▶ [YOUR INSTRUCTIONS] Every record gets copied exactly, and no picture goes with it.
◆ ◆ ◆ ◆ ◆
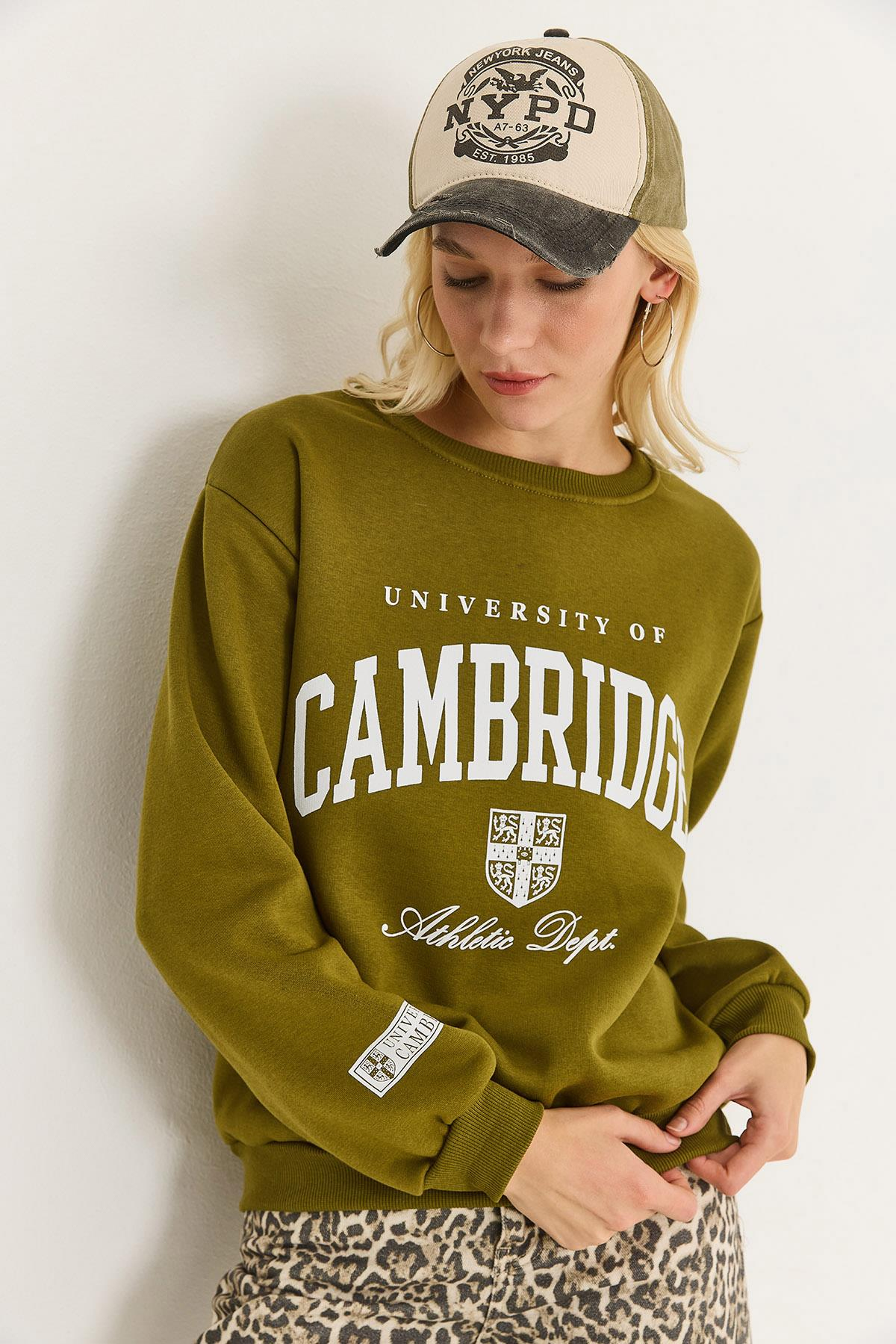 Kadın Bisiklet Yaka Baskılı Üç İplik Şardonlu Sweatsirt Yeşil (500817SWTXYŞL)
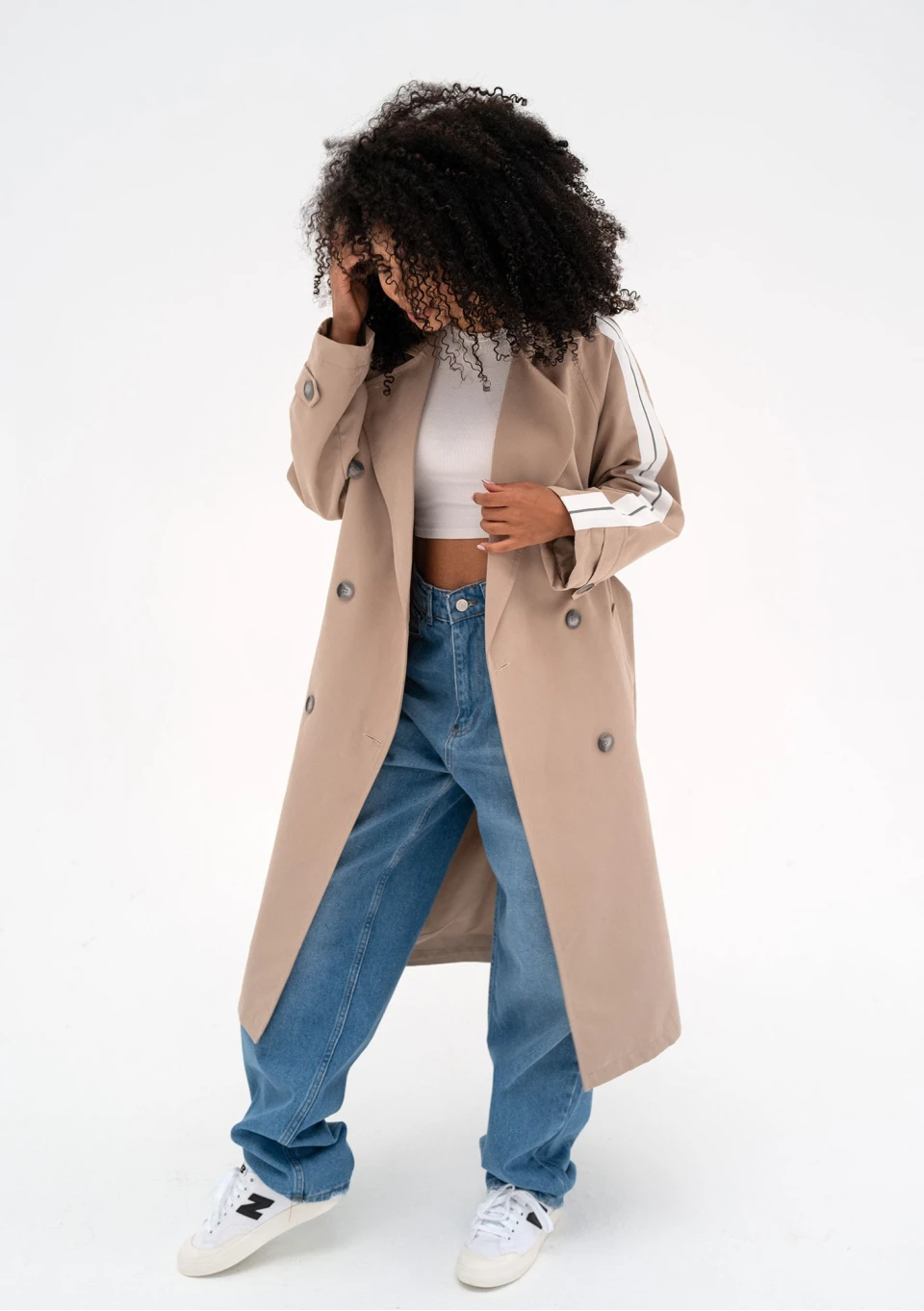 Stylowy trencz damski wiosenny w najświeższej estetyce lampasów. Model w beżowym kolorze, ze świetnego materiału z bawełną. Idealny na wiosnę.
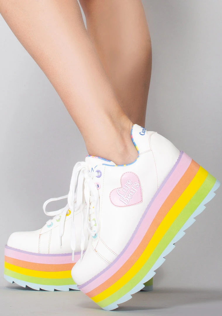 Enter a land of love magic and rainbows while wearing the Care Bears Lala Platform Sneakers in White Pastel from YRU. These magical platform sneakers feature a multicolor vegan leather upper, lace-up front, applique detail, and colored bottom. #CaringIsWhatCounts
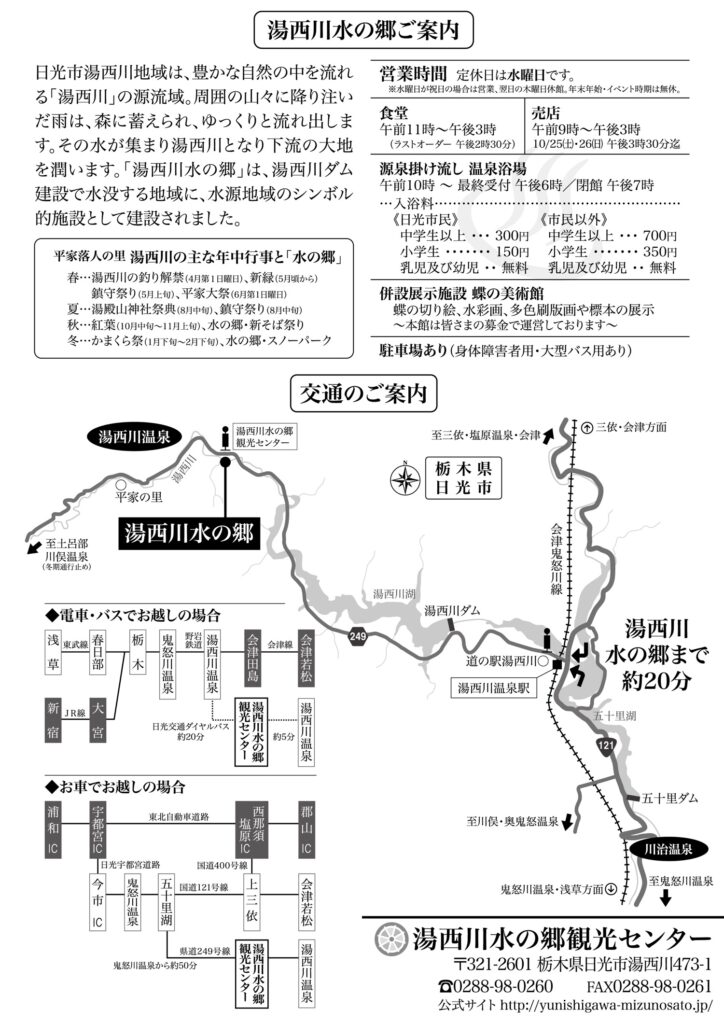 主催、問合せ | ○主催:水の郷四季祭実行委員会 (受付時間 午前10時~午後3時) ☎ 0288-98-0260 〒321-2601 栃木県日光市湯西川473-1 ○共催:湯西川水の郷 ○協力:平家の里・湯沢屋酒店 |
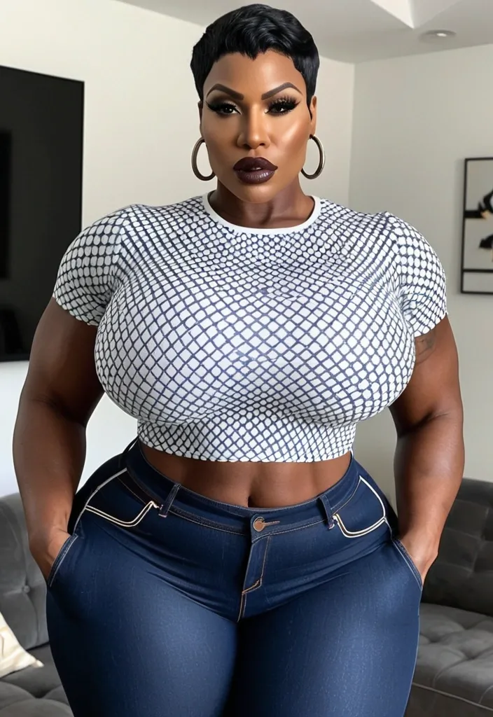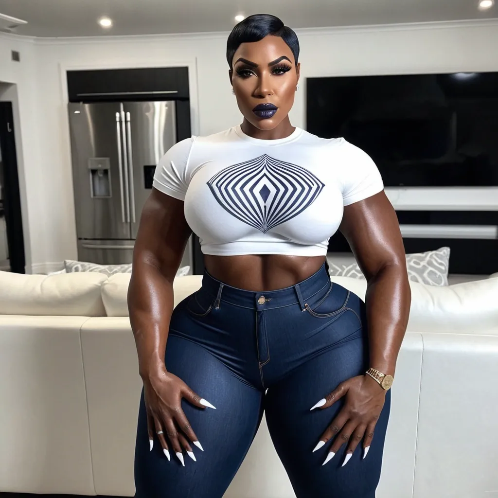 Generate Gorgeous female boss , bimbo , very dark-skinned African-American woman , short , pixie hair , hourglass body , abnormally massive female bodybuilder , gorgeous , close up , full lips , big booty , dark brown eyes , very big plump lips , feminine silhouette , too big breast , big booty , sexy thighs abs , silhouette , up close , flexing biceps , big gorgeous light brown eyes , legs are iconic and defining physical feature , both visually and in terms of combat ability.wearing an outfit that is a striking blend of elegance , power , and femininity , designed to command attention in any room. The suit is tailored to perfection , hugging the wearer’s curves with precision while emphasizing a structured silhouette. The fabric itself is a refined grey tweed patterned with subtle white grid lines , giving the suit a texture that feels both sophisticated and modern. The blazer features broad blue lapels and gold button accents , adding a luxurious touch that elevates the look beyond typical business attire. The matching high-waisted trousers elongate the frame , further enhancing the poised and commanding effect of the ensemble.The styling choices amplify the boldness of the suit. The inner blouse is a silky , greybutton-down shirt that complements the tweed’s tone while introducing a softer , feminine balance to the sharp tailoring of the jacket. The blouse peeks out neatly from under the blazer , maintaining elegance without drawing focus away from the suit’s commanding cut. Accessories are kept minimal yet intentional: a delicate layered gold necklace and hoop earrings that add glimmers of light and luxury without overpowering the outfit. The choice of voluminous , honey-brown braids cascading down her shoulders frames the face with both confidence and glamour , completing the commanding visual.Altogether , this look communicates a blend of authority and allure. It is business-ready yet fashion-forward , balancing corporate structure with vibrant femininity. The color palette blue , grey and gold avoids being overly delicate , instead embracing the richness of texture , structure , and presence. This is the kind of ensemble that speaks to ambition , sophistication , and personal style—ideal for someone who thrives in positions of influence but insists on expressing her individuality with bold elegance. It’s not just clothing—it’s a statement of power wrapped in grace. In luxury living legs that could crush a watermelon , skirt high boots are a bold and striking statement piece , crafted in glossy black patent leather that gives them a sleek , polished finish. Rising to just below the knee , the boots feature three adjustable buckle straps along the shaft , adding both edge and detail to their design. The towering stiletto heel , paired with a thick platform sole , creates an ultra-dramatic silhouette that elongates the leg and exudes power and confidence. With their combination of shine , height , and structure , these boots perfectly balance fierce femininity with high-fashion allure. Massive breast , massive cleavage , driving and standing in living room , wearing a white , dark navy blue and black accented subtle symmetrical patterned t-shirt , black denim pants , enormous butt ,
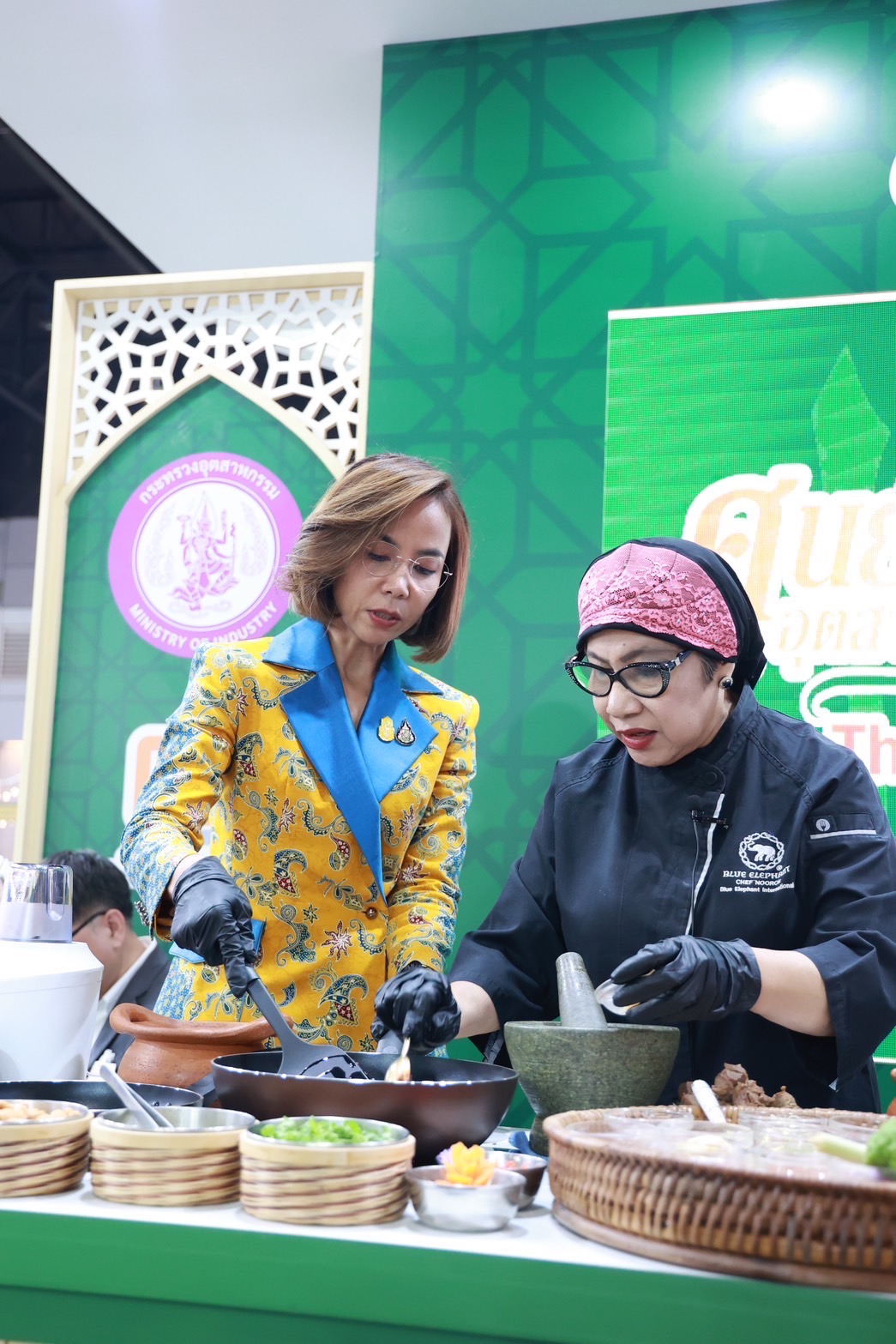สำหรับงานในวันนี้ กระทรวงฯ ได้นำผู้ประกอบการที่ได้รับการพัฒนาผลิตภัณฑ์ร่วมกับกรมส่งเสริมอุตสาหกรรมและสถาบันอาหารกว่า 40 รายเข้าร่วมแสดงสินค้า เช่น โรงงานแปรรูปโคเนื้อฮาลาลมาตรฐานสากลที่มีศักยภาพดีที่สุดในอาเซียน “Befish” ข้าวเกรียบปลาเมืองนราธิวาส ทำจากปลาทะเลแท้ มีแคลเซียมสูง และ “ท่าทองรังนก” ที่เลี้ยงอย่างธรรมชาติไม่ใช้สารเคมีวัตถุเจือปนอาหาร เป็นต้น ซึ่งล้วนเป็นผลิตภัณฑ์ที่มีศักยภาพพร้อมส่งออก และมีการสาธิตการทำอาหารจากเชฟนูรอ โซ๊ะมณี สเต็ปเป้ เชฟอาหารไทยมุสลิม ผู้ก่อตั้งและเจ้าของร้าน “Blue Elephant” ร้านอาหารไทยชื่อดังที่มีสาขาทั่วโลก เพื่อสร้างความรับรู้ถึงศักยภาพของอาหารฮาลาลไทยและนำเสนอผลิตภัณฑ์ฮาลาลจากผู้ประกอบการที่ประสบความสำเร็จ นอกจากนี้ ยังจัด Business matching เพื่อขยายตลาดให้กับผู้ประกอบการ โดยมีประมาณการมูลค่าการเจรจาจับคู่ธุรกิจภายในงาน 200 ล้านบาท โดยกระทรวงอุตสาหกรรมจะเสริมความเข้มแข็งและผลักดันการส่งออกสู่ตลาดโลกต่อไป
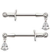 Teardrop Clear CZ Dagger Stainless Steel Nipple Barbell
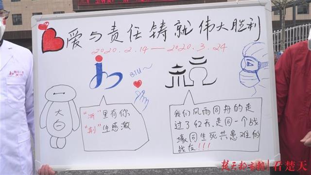 记者注意到,白板最上面写着“爱与责任铸就伟大胜利”,这是建舱后大家一直坚守的信念。中间写着一串数字2020.2.14——2020.3.24,分别是新冠ICU开科的时间和休舱的时间。下面画着荆门一医的标志和杭州的标志,中间是比心代表着荆门一医和杭州的朋友们永远在一起。
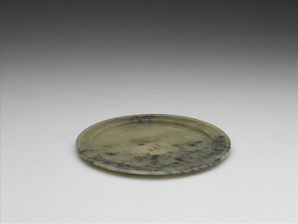 玉質,帶片狀灰斑。唇口、淺壁、平底。底心微凹,盤心微凸。全器無紋飾。
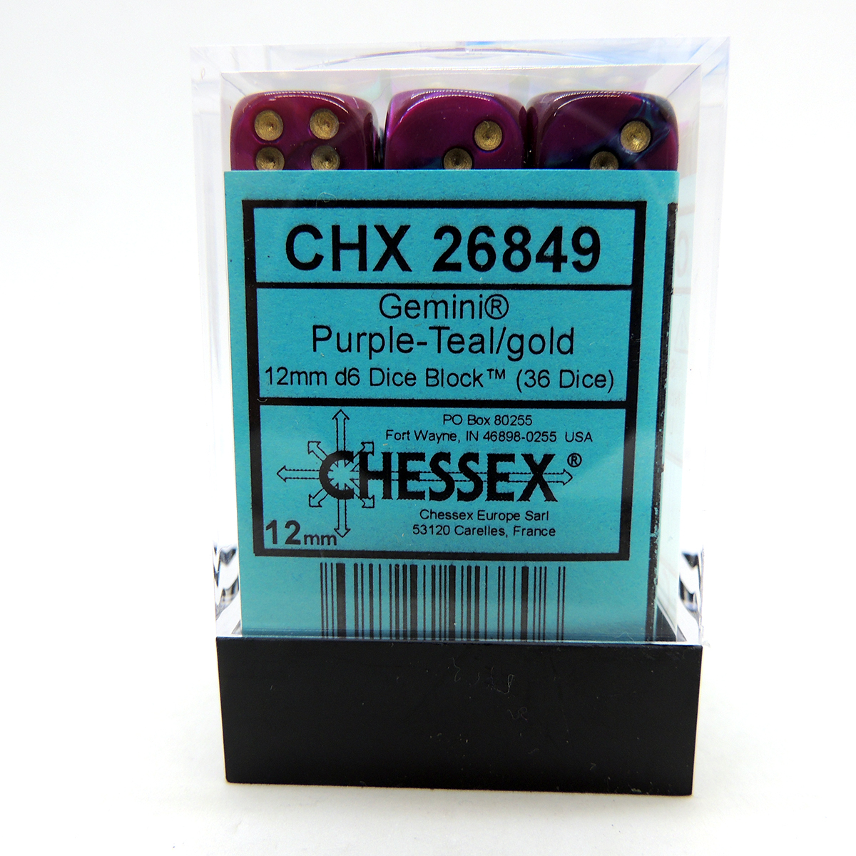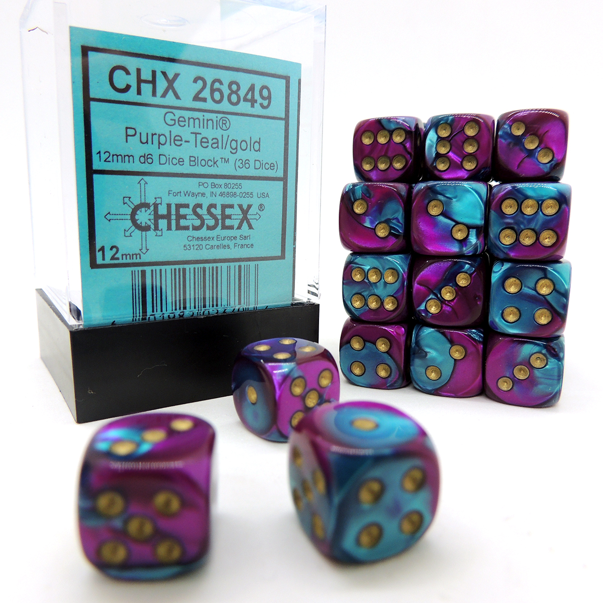 Chessex Dados 12mm Purple-Teal/Gold Gemini Dice
◆ ◆ ◆ ◆ ◆
▶ [EXPECTED OUTPUT]
 Kadın Bisiklet Yaka Baskılı Üç İplik Şardonlu Sweatsirt Yeşil (500817SWTXYŞL)
 Stylowy trencz damski wiosenny w najświeższej estetyce lampasów. Model w beżowym kolorze, ze świetnego materiału z bawełną. Idealny na wiosnę.
 Enter a land of love magic and rainbows while wearing the Care Bears Lala Platform Sneakers in White Pastel from YRU. These magical platform sneakers feature a multicolor vegan leather upper, lace-up front, applique detail, and colored bottom. #CaringIsWhatCounts
 主催、問合せ | ○主催:水の郷四季祭実行委員会 (受付時間 午前10時~午後3時) ☎ 0288-98-0260 〒321-2601 栃木県日光市湯西川473-1 ○共催:湯西川水の郷 ○協力:平家の里・湯沢屋酒店 |
 Generate Gorgeous female boss , bimbo , very dark-skinned African-American woman , short , pixie hair , hourglass body , abnormally massive female bodybuilder , gorgeous , close up , full lips , big booty , dark brown eyes , very big plump lips , feminine silhouette , too big breast , big booty , sexy thighs abs , silhouette , up close , flexing biceps , big gorgeous light brown eyes , legs are iconic and defining physical feature , both visually and in terms of combat ability.wearing an outfit that is a striking blend of elegance , power , and femininity , designed to command attention in any room. The suit is tailored to perfection , hugging the wearer’s curves with precision while emphasizing a structured silhouette. The fabric itself is a refined grey tweed patterned with subtle white grid lines , giving the suit a texture that feels both sophisticated and modern. The blazer features broad blue lapels and gold button accents , adding a luxurious touch that elevates the look beyond typical business attire. The matching high-waisted trousers elongate the frame , further enhancing the poised and commanding effect of the ensemble.The styling choices amplify the boldness of the suit. The inner blouse is a silky , greybutton-down shirt that complements the tweed’s tone while introducing a softer , feminine balance to the sharp tailoring of the jacket. The blouse peeks out neatly from under the blazer , maintaining elegance without drawing focus away from the suit’s commanding cut. Accessories are kept minimal yet intentional: a delicate layered gold necklace and hoop earrings that add glimmers of light and luxury without overpowering the outfit. The choice of voluminous , honey-brown braids cascading down her shoulders frames the face with both confidence and glamour , completing the commanding visual.Altogether , this look communicates a blend of authority and allure. It is business-ready yet fashion-forward , balancing corporate structure with vibrant femininity. The color palette blue , grey and gold avoids being overly delicate , instead embracing the richness of texture , structure , and presence. This is the kind of ensemble that speaks to ambition , sophistication , and personal style—ideal for someone who thrives in positions of influence but insists on expressing her individuality with bold elegance. It’s not just clothing—it’s a statement of power wrapped in grace. In luxury living legs that could crush a watermelon , skirt high boots are a bold and striking statement piece , crafted in glossy black patent leather that gives them a sleek , polished finish. Rising to just below the knee , the boots feature three adjustable buckle straps along the shaft , adding both edge and detail to their design. The towering stiletto heel , paired with a thick platform sole , creates an ultra-dramatic silhouette that elongates the leg and exudes power and confidence. With their combination of shine , height , and structure , these boots perfectly balance fierce femininity with high-fashion allure. Massive breast , massive cleavage , driving and standing in living room , wearing a white , dark navy blue and black accented subtle symmetrical patterned t-shirt , black denim pants , enormous butt ,
สำหรับงานในวันนี้ กระทรวงฯ ได้นำผู้ประกอบการที่ได้รับการพัฒนาผลิตภัณฑ์ร่วมกับกรมส่งเสริมอุตสาหกรรมและสถาบันอาหารกว่า 40 รายเข้าร่วมแสดงสินค้า เช่น โรงงานแปรรูปโคเนื้อฮาลาลมาตรฐานสากลที่มีศักยภาพดีที่สุดในอาเซียน “Befish” ข้าวเกรียบปลาเมืองนราธิวาส ทำจากปลาทะเลแท้ มีแคลเซียมสูง และ “ท่าทองรังนก” ที่เลี้ยงอย่างธรรมชาติไม่ใช้สารเคมีวัตถุเจือปนอาหาร เป็นต้น ซึ่งล้วนเป็นผลิตภัณฑ์ที่มีศักยภาพพร้อมส่งออก และมีการสาธิตการทำอาหารจากเชฟนูรอ โซ๊ะมณี สเต็ปเป้ เชฟอาหารไทยมุสลิม ผู้ก่อตั้งและเจ้าของร้าน “Blue Elephant” ร้านอาหารไทยชื่อดังที่มีสาขาทั่วโลก เพื่อสร้างความรับรู้ถึงศักยภาพของอาหารฮาลาลไทยและนำเสนอผลิตภัณฑ์ฮาลาลจากผู้ประกอบการที่ประสบความสำเร็จ นอกจากนี้ ยังจัด Business matching เพื่อขยายตลาดให้กับผู้ประกอบการ โดยมีประมาณการมูลค่าการเจรจาจับคู่ธุรกิจภายในงาน 200 ล้านบาท โดยกระทรวงอุตสาหกรรมจะเสริมความเข้มแข็งและผลักดันการส่งออกสู่ตลาดโลกต่อไป
 Teardrop Clear CZ Dagger Stainless Steel Nipple Barbell
 记者注意到,白板最上面写着“爱与责任铸就伟大胜利”,这是建舱后大家一直坚守的信念。中间写着一串数字2020.2.14——2020.3.24,分别是新冠ICU开科的时间和休舱的时间。下面画着荆门一医的标志和杭州的标志,中间是比心代表着荆门一医和杭州的朋友们永远在一起。
 玉質,帶片狀灰斑。唇口、淺壁、平底。底心微凹,盤心微凸。全器無紋飾。
 Chessex Dados 12mm Purple-Teal/Gold Gemini Dice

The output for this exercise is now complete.